More precisely, in the email you send by March 1 to receive credit for the assignment, the body of the email should be plain text (no attachments), and should have the following (sample) form:
graph G {
Alice;
Bob;
Chuck;
Dora;
Alice -- Bob;
Alice -- Dora;
Bob -- Chuck;
Bob -- Dora;
}
In this example, we first "declare" there to be four vertices that will have the names or labels "Alice", "Bob", "Chuck" and "Dora"; and then we declare the four edges listed above. Of course, the names or labels can be anything you like, so we suggest you make them meaningful in the context of your network. But you should probably avoid strange characters, underscores, etc. The syntax above is important --- i.e. you need semicolons after each vertex and edge declaration, you need to use "--", not "-", etc.
We will then provide you with web access to a program that will generate a nice visualization of your network from this formatted file, and we will also create and examine a gallery of all the networks for the class.
Task 3: FINAL REPORTS: Quantitative and Qualitative Analysis. Exact due date to be determined, but sometime towards the end of finals week.
The culmination of the project will be a written report analyzing your network from the perspective of the themes of the entire class. I anticipate that the typical length of these reports, including all figures, diagrams, references, etc. will be between 10 and 15 pages. You should think of the overarching goal of the report to be twofold: (a) Demonstrating your mastery of the technical and conceptual themes of the class, and (b) Demonstrating your ability to apply these themes to a specific real-world network.
You should view the inputs to your report as including at least the following items:
- The original data used to form your network.
- Visualizations of your network or fragments of it. If you would like different visualizations than those we have already generated for you, you should communicate with the TAs and they will help you.
- Quantitative and numerical analyses performed on your network.
- Your knowledge of the domain from which the network comes.
- Any articles or other materials you feel are relevant.
While I am flexible about the specific format of the reports, there will be some required elements, and a number of themes and topics that you should be sure to touch on. - Your report should begin with a precise recounting of the exact definition of your network (edges and vertices), as well as of your methodology in constructing the network, including all data sources. Again, the goal here is to be precise enough that a third party could replicate your efforts.

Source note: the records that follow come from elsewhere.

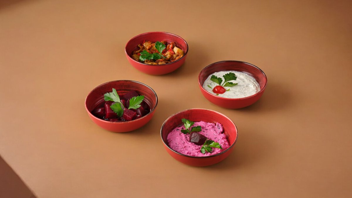 Хумус, кисир, свекла с лабне, мухаммара, абаганнус
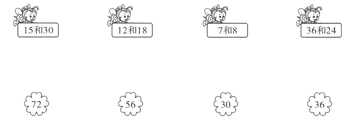 找出下面每组数的最小公倍数,再连一连。
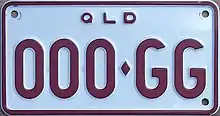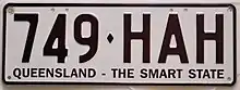The Australian state of Queensland requires its residents to register their motor vehicles and display vehicle registration plates.[1] Current regular issue plates are to the standard Australian dimensions of 372 mm (14.6 in) in length by 134 mm (5.3 in) in height, and use standard Australian serial dies.[2]
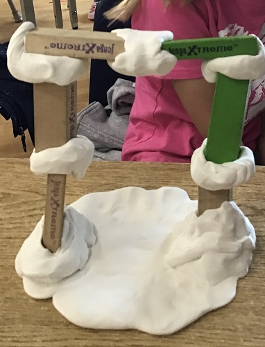 Another day, a STEM station offered modeling clay and small wooden pieces with the prompt:
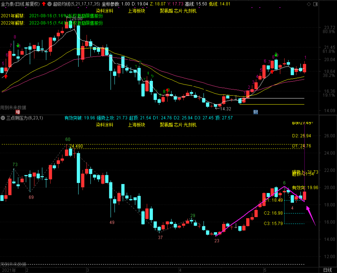 最后说一只与文投控股相类似的个股:金力泰!该股日线级别经过一波拉升之后(23~6),5月17日直接采购18.49元的C1支撑位。而后连续收在18.49元之上,今天再打18.49元就构成极佳的买点,如果可以突破20.13元的话,那么短期该股的压力位在24.76、25.94元附近,你觉得这只股票能达到预期的空间吗?欢迎文后留言一起探讨~~今天晚上20:30一就开始讲课,21:00~21:30分培训DFH技术使用技巧。有兴趣的朋友可以过来听一听,就这!
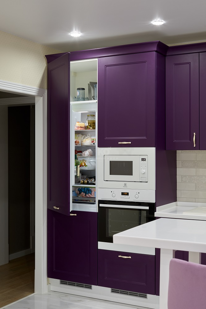 С первого взгляда видно, что классические интерьеры – родная стихия для «Эрики». Величественные шкафы верхнего яруса здесь увенчаны элегантными карнизами, массивная трапециевидная вытяжка имеет стильный бандаж, а на фасадах из МДФ присутствуют изящные ручки и прямоугольная фрезеровка. Фасады, к слову, имеют «дышащее» покрытие – экомембрану, которая обеспечивает надёжную защиту и надолго сохраняет первозданный насыщенный цвет. Добавив ко всей этой красоте ультрасовременное техническое оснащение, мы получили не просто кухню, а восхитительный образец неоклассического стиля!

- Your report should analyze various structural properites of your network, including (but not restricted to) things like its diameter, clustering coefficient(s), degree distribution, and so on. You should consider doing computations (either by hand or computer) of these quantities, or at least make an effort to estimate or bound them. You are free to approach the TAs for help here as well, but please be aware that they are busy and will help you on their own schedules.
- You should further discuss these structural properties in light of what you know about what actually happens on your network, or what aspect of the real world it represents. For instance, if there are vertices with extraordinarily high degree, you should discuss why it makes sense that they have high degree (if in fact it does make sense), how they might have come to have this property, and so on. Ditto for the other structural properties you discuss.
- You should discuss plausible generative models for your network, and contrast them with those we examined in class. You should discuss which of the generative models we examined seem like better or worse explanations for how your network formed.
- You should discuss how structural properties of your network either do or do not influence what actually happens on your network.
- You should make liberal use of network visualizations, graphs, plots, charts, tables, etc. Anything that helps make your points more precise and understandable is encouraged.
- Other guidance will be added to this list as it occurs to me.